Considering the mentioned aspects, the need for an integrated approach for workflow scheduling and resource management in WaaS platforms determines the importance of the proposed solution. The scientific novelty of the approach consists in the development of multifactor strategies for workflow and resource management. The problems of efficient workflow execution should take into account the heterogeneity of resources of different IaaS providers and time costs for accessing global data storage, such as Amazon S3. Additionally, the specifics of each individual job must be taken into account. The scheduling must consider multiple user preferences and constraints, which include VM performance requirements, monetary cost of use and pay-per-use implementation, deadline constraints, power consumption, reliability, and several other aspects [3]. Thus, there is a need to develop multi-factor strategies for workflow and resource management.
3.Main Results
3.1. Methods and tools for scheduling independent and heterogeneous job-flows on WaaS platform.
Proposed scheduling methods and tools meet the following requirements.
Dynamically create a pool of VMs from different IaaS providers and containers, taking into account multiple factors: cloud platform utilization level, data storage and transfer policies, workflow structure and user estimates on the execution time.
The execution time is comprised of the following components: time of actual processing as the ratio of the computation volume to the CPU performance on the VM of the corresponding type; time for data transfer between subtasks of the job (including reading and writing to global storage); time to deploy VMs and containers in VMs of the corresponding type.
The WaaS platform is supposed to receive many workflows at any given time. Each workflow subtask can be executed on some particular subset of VM types available from the IaaS provider.
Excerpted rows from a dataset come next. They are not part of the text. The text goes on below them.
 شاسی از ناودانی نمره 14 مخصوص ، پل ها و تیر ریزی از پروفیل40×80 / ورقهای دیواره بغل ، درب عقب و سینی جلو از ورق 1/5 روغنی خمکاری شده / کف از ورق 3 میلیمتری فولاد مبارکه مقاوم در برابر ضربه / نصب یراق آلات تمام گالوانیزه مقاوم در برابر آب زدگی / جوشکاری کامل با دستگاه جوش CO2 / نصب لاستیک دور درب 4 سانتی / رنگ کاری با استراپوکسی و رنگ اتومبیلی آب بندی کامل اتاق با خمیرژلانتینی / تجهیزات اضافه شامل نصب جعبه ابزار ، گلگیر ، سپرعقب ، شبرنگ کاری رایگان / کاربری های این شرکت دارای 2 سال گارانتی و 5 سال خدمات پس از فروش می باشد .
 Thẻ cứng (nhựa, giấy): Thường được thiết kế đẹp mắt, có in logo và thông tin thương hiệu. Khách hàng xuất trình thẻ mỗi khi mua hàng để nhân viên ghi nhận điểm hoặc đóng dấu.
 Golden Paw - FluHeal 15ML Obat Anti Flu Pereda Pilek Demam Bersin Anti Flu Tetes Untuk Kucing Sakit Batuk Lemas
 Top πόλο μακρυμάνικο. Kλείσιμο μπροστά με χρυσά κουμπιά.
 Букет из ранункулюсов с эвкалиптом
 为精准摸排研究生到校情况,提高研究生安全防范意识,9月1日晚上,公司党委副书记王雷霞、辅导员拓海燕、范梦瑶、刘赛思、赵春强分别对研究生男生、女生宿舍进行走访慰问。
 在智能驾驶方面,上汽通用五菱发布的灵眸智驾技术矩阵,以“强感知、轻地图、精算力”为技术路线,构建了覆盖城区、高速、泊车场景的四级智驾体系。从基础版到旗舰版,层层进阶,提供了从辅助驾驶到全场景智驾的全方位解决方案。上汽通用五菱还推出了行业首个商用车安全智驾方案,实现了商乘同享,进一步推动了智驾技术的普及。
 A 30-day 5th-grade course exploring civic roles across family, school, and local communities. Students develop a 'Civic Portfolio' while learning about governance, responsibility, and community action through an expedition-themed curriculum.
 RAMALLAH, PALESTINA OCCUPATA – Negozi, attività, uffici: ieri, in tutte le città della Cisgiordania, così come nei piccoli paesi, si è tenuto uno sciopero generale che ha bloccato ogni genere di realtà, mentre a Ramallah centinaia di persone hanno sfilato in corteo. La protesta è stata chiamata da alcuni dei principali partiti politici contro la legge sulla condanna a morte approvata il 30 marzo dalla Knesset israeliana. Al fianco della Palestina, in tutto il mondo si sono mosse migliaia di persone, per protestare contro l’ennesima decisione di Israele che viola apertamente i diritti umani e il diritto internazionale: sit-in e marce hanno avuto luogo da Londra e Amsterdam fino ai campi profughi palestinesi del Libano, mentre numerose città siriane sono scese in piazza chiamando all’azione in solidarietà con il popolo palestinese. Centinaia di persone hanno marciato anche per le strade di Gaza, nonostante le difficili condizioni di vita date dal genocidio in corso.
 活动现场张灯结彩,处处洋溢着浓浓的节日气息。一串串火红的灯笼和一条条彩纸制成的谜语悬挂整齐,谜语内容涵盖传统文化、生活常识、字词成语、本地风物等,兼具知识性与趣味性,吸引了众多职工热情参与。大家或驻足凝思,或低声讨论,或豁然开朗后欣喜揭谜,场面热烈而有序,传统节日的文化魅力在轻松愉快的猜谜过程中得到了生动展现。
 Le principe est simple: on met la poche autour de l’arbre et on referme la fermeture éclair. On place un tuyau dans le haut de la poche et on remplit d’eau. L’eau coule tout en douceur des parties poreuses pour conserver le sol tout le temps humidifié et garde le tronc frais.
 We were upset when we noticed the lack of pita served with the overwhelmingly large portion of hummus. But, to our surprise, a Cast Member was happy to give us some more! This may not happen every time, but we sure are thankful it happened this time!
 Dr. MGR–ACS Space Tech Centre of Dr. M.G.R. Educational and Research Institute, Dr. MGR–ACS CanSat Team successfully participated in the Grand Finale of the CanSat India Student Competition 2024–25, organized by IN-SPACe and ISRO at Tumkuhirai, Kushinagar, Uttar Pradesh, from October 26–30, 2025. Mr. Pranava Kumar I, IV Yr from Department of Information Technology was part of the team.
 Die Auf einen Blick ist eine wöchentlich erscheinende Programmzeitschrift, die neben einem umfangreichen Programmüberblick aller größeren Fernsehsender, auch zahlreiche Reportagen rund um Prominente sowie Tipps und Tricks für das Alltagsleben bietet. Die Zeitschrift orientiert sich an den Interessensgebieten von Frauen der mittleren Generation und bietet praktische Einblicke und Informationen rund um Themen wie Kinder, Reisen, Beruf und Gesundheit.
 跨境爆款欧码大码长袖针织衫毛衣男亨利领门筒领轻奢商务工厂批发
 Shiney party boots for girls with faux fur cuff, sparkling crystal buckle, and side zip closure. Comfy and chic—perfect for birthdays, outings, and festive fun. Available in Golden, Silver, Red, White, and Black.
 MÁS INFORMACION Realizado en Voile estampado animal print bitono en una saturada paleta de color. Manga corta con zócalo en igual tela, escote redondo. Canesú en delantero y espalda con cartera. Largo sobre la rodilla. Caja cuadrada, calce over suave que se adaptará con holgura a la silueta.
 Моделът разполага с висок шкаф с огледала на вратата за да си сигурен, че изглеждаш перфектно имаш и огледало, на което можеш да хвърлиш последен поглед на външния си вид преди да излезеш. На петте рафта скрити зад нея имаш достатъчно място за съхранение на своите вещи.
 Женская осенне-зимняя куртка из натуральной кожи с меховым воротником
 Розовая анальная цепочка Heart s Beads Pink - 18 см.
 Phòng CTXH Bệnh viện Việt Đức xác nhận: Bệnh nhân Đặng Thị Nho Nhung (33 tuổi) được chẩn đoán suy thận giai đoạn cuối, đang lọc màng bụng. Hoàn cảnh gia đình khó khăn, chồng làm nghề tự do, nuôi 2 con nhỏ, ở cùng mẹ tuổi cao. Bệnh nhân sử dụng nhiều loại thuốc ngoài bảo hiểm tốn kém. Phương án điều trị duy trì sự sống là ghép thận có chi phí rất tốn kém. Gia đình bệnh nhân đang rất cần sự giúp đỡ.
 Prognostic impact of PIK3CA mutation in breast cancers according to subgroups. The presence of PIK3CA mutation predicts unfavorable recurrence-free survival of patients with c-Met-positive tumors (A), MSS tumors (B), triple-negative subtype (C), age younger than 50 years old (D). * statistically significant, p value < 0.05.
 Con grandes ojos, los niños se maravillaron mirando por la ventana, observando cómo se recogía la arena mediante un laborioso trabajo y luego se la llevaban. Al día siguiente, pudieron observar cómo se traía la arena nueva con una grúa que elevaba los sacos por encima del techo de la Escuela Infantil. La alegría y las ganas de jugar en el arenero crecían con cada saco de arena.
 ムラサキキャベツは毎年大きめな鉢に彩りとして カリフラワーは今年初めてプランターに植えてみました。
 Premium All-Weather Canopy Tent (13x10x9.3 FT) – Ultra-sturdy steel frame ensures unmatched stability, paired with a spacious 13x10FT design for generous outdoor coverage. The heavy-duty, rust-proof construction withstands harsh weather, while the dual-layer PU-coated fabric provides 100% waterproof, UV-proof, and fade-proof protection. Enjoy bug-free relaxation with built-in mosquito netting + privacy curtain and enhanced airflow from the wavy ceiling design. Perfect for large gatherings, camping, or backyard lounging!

Specialized mechanisms were implemented to resolve conflicts between tasks competing for the use of the same VMs.
3.2. Selecting a WMS and extending its functionality to implement the core components of the WaaS platform: workflow scheduler; resource provisioning manager; system for monitoring the state of resources and services of the platform; a system for storing workflow execution histories on the WaaS platform.
3.3. Experimental studies of multifactor workflow and resource management strategies on synthetic datasets and real applications available in open-source repositories [2].
Practical use of the received results is possible for various knowledge-intensive applications with high demands on computing resources of such distributed environments as cloud platforms. The project's code is hosted in the GitHub repository (https://github.com/Sorran973/Scheduling-in-Workflow-as-a-Service).
References
1. Toporkov, V. Job Batch Scheduling in Workflow-as-a-Service Platforms / V. Toporkov, D. Yemelyanov, A. Bulkhak, M. Pirogova // Proc. PCT 2024. Communications in Computer and Information Science. - 2024. V. 2241, Springer, Cham. - P. 65–79.
2. Amstutz, P. Existing Workflow systems [Электронный ресурс] https://s.apache.org/existing-workflow-systems / P. Amstutz, M. Mikheev, M. R. Crusoe, et al. (дата обращения 18.08.2024).
3. Toporkov, V. Micro-scheduling for Dependable Resources Allocation / V. Toporkov, D. Yemelyanov // Performance Evaluation Models for Distributed Service Networks. Studies in Systems, Decision and Control. - 2021. V. 343. Editors: Bocewicz, Grzegorz, Pempera, Jarosław, Toporkov, Victor. Springer International Publishing. - P. 81-105.